Sunday, May 9, 2021

Tears for Mom

YOU COME HERE FOR BAY AREA MEDIA, I know. And later today, you will get a media post. I promise.

But being that today is Mother's day, I had to write this. At least try to because as it is, this is a difficult day. I lost my mom three years ago, it doesn't seem that long. I can still remember the moment when I got word of it from my sister.

Tears for my mother.

They told me with time, it would get better. It hasn't. It seems to get worse. Today is especially bad because I can't seem to escape the Mother's day ritual. I won't be going to my sister's house to have brunch. There's no trip to to Jack London Square for a meal. While many of you will take mom out, and I hope you do and have a great day, I will stay around and imagine. It's really painful to experience; I had no idea it would be this difficult, even remotely so, but in actuality, it's dreadful. I'm not supposede to say that, but I'm being honest. I can't really relax because I'm feeling so out of it.

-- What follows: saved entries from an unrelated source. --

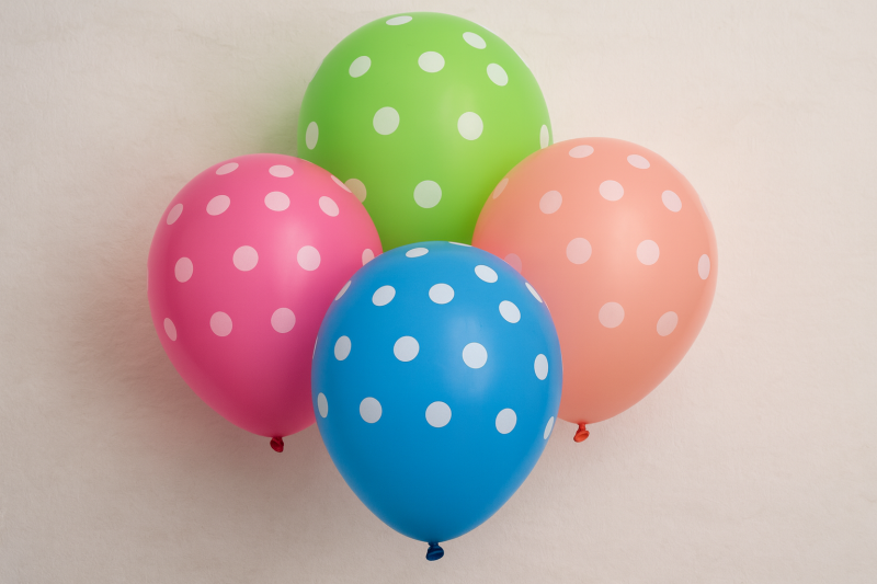10 броя парти балони, изработени от латекс в различни ярки цветове с принт на бели точки.
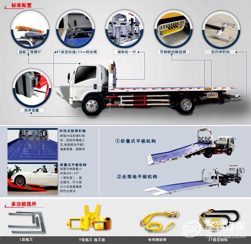 平板長4.2米(可選伸縮板或折疊板上裝),寬2.3米。背4噸,后托臂可托舉2噸。
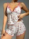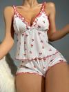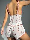 Kiraz desenli şortlu gecelik takımı, eğlenceli ve dikkat çekici bir tasarıma sahiptir. Hafif kumaşı ile rahat kullanım sunarken enerjik bir stil yaratır.
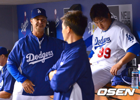 7회초 교체된 다저스 류현진이 매팅리 감독의 격려를 받고 있다 . / soul1014@osen.co.kr
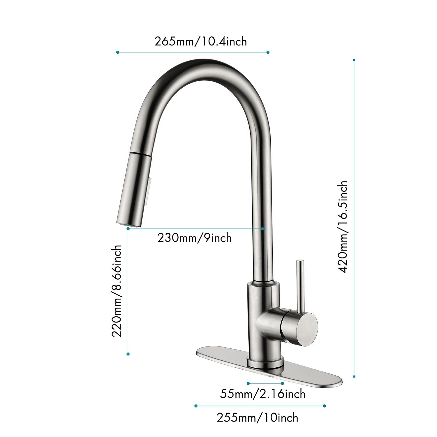 W2287 Kitchen Faucet with Pull Down Sprayer. Designed as a practical decorative lighting piece that supports everyday use while helping complete the look of the space. Material: Stainless Steel. Product dimensions and weight: length 25, width 10.5, height 2.6, weight 5.1.
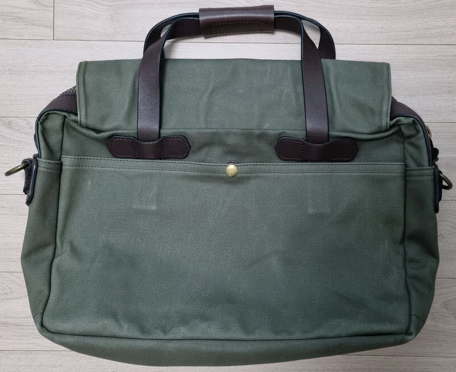 바엔 브리프케이스 오터그린 판매합니다. 해외 공방에서 제작한 가방으로 필슨 257 과 유사한 디자인입니다. 강한 면 소재로 튼튼하고 약간 스크래치가 잘 생길 것 같은 소재입니다. 가죽도 튼튼해서 내구성이 좋아 보입니다. 앞뒤로 있는 수납 공간에 잠금 버튼이 있는 점이 다르네요. 가방이 많아서 사용 안하고 보관만 하다가 내놓습니다. 쿨거래 하시면 적정선에서 가격 제안 받습니다. 그외 할인 요청 받지 않으니 양해 부탁 드립니다. 다른 상품과 같이 구매하면 할인해드릴게요. 파손면책 동의, 노리턴 택배 거래 가능합니다. 소모성 질문 답변 안합니다. 구매하실 분만 연락주세요. * 교환, 환불 불가 서로 시간 낭비, 에너지 소모하지 않도록 매너 거래 부탁 드립니다. 대화 시, 구매하지 않으시더라도 "구매 안한다, 생각해보겠다." 라는 말씀은 해주셨으면 합니다. 대화를 잘 마치는 것도 상호 간의 존중, 매너라고 생각합니다. 감사합니다.

All week I tried to put it out of my mind. I avoived Mother's day ads on radio and TV but I still heard and saw. Too many painful reminders. I miss her so much. I cannot tell you how painful it still is without her; today is a void. It's especialy difficult when you see so many of your friends out with their mom and family while you try to keep it together and ward off all the depression. It hurts. It never goes away, the hopeless feeling, the anguish, the despair. I'm not supposed to air it out, but airing it out is my only chance to numb the pain.

Again, those of you that are lucky enough to have mom around, family, friends, I absolutely wish you a great day. I thank you for allowing me to vent a little. It helps. Just a little bit, but it helps. Mom would tell me in her perfect Brooklynese, to get out and move on. I will try. But I still miss her so much and today is tough.

Happy Mother's day.

1 comment:

  1. Although I lost mine many years ago I still miss her. Mums hold a very special spot in our hearts and nothing can change that. Today is a tough day for some of us.